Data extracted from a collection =

BEGIN

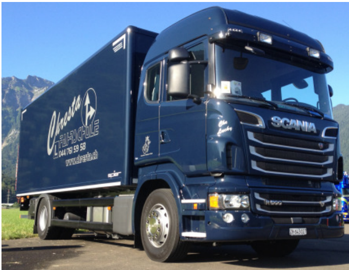
Der Scania R500 LB 4x2 der Chresta GmbH in Affoltern am Albis.
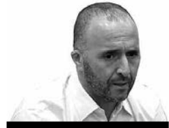
جمال بلماضي (مدرب المنتخب الوطني)؛
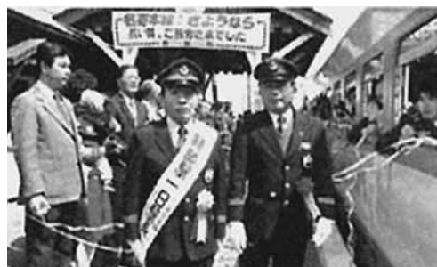
J R 名寄線お別れ式
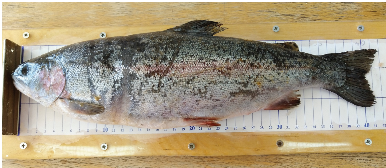
Рис. 2. Микижа Parasalmo mykiss – самка FL 40.0 см, масса 1006 г, гонады II стадии зрелости, поймана 26.02.2019 г. в оз. Валентины (о. Кунашир).
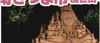
吹上浜砂の祭典(2024年5月3日~5日開催予定)
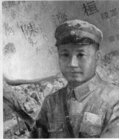
▲ 1945年于桂林保卫战中壮烈战死在德智中学的31军少将参谋长吕旂蒙将军
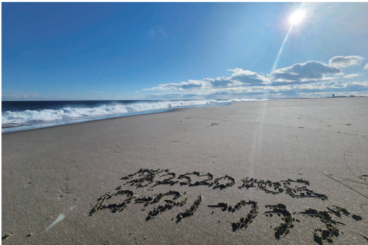
仙台新港

2024-2025 ROTARY INTERNATIONAL DISTRICT 2520

END

What to work on = Starting with the line that holds "جمال بلماضي (مدرب المنتخب الوطني)؛", print each line through the last one of the data exactly as written, but do not include the pictures.

Solution to the problem =
جمال بلماضي (مدرب المنتخب الوطني)؛
J R 名寄線お別れ式
Рис. 2. Микижа Parasalmo mykiss – самка FL 40.0 см, масса 1006 г, гонады II стадии зрелости, поймана 26.02.2019 г. в оз. Валентины (о. Кунашир).
吹上浜砂の祭典(2024年5月3日~5日開催予定)
▲ 1945年于桂林保卫战中壮烈战死在德智中学的31军少将参谋长吕旂蒙将军
仙台新港

2024-2025 ROTARY INTERNATIONAL DISTRICT 2520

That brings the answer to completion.